The Strategy That Shapes The Tech World
"Commoditize your complements" shaped everything from early computers to electric cars and may shape the AI future.
As someone who majored in Economics, the nuances of microeconomics have always fascinated me. It’s one of the reasons why I write about business strategy so much, it’s very interesting! Technology companies have used a multitude of microeconomics informed strategies to stay ahead of their competition, and continue to do so to this day.
Today we shall look at one of those strategies; commoditizing your complements. It’s the reason why Google, Tesla, Apple, Microsoft and others are the modern juggernauts that they are. As AI becomes the new paradigm with which businesses hope to shape the future, they are using this very strategy to pull away from the pack.

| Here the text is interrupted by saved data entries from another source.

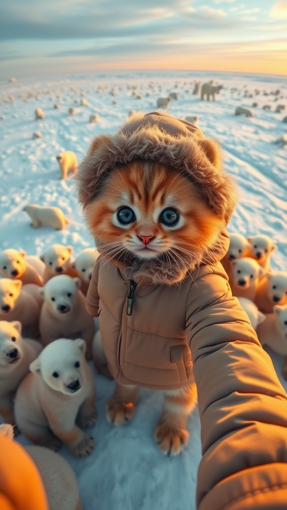 In a vast snowy landscape, an ice field stretches with numerous polar bears scattered across it. A charming kitten, donning a soft brown down jacket and a cozy matching hat, stands in the foreground, capturing a selfie. The kitten possesses large, gleaming eyes and lush, long fur, encircled by over a dozen playful polar bear cubs. The scene is bathed in the golden hues of sunset, accentuating the hyper-detailed textures and warm atmosphere of this enchanting, serene moment.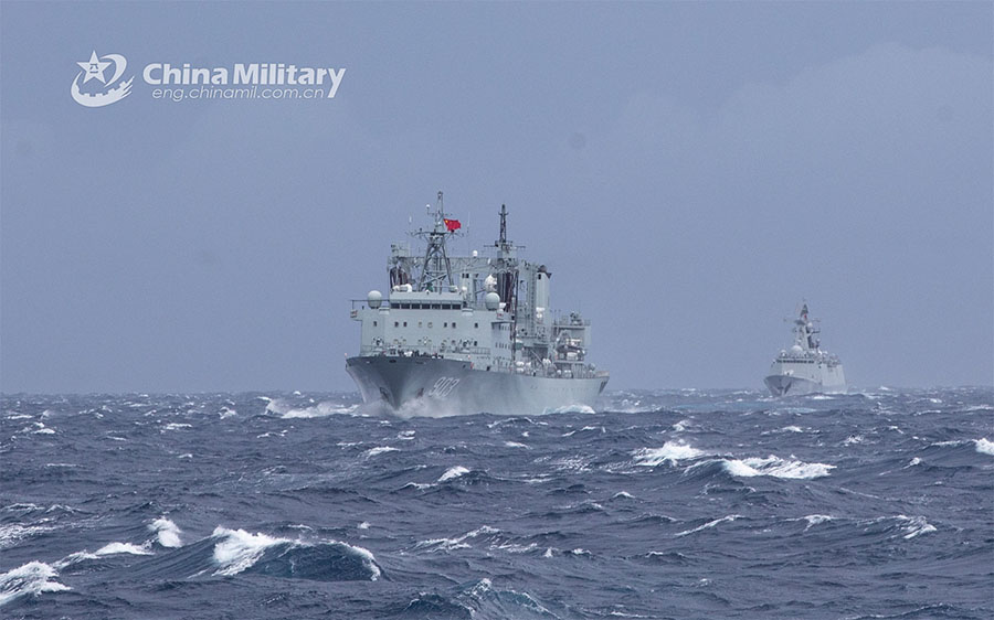 Vessels attached to the 42nd Chinese naval escort taskforce steam in formation in the waters of the Gulf of Aden during a maneuvering exercise in early January 2023. The exercise aimed to hone the taskforce’s capabilities of commanding and maneuvering vessels. (eng.chinamil.com.cn/Photo by Wang Qing)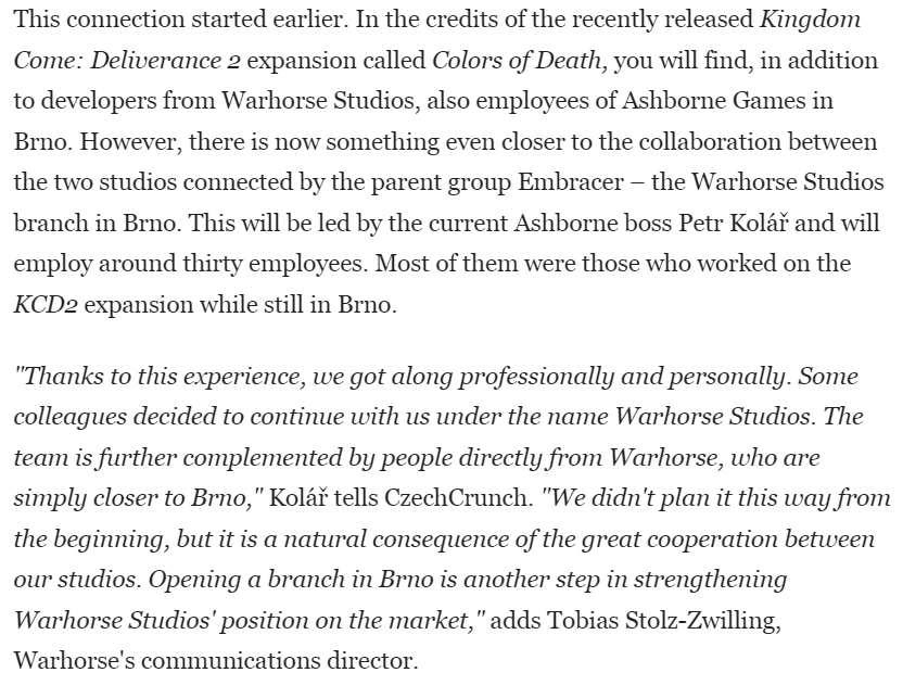 >>50160245 Да, оба длц закончили писать. >Значит большого ДЛС не делается Всё верно, больше сюжетных длц не планируется. Дальше только третья часть про похождения немолодого Индржиха под крылом Жижки и гуситские войны.

In economics, a substitute refers to a good or service that can be used in place of another. For example, apples are a substitute for oranges. Consumers may choose one good over its substitute because of preference, price et cetera. If I have an orange farm, and the price of apples goes up, people will want more oranges and my sales will go up.
A complement, on the other hand, is a good or service that is bought together with another good or service. For example, flight tickets and hotels are complements. Cars and gas are complements. Computers and operating systems. Electric cars and charging stations. To name a few. When flight prices to a certain destination go down, hotel owners see more guests. The general framework is:
All else being equal, demand for a product increases when the prices of its complements decrease.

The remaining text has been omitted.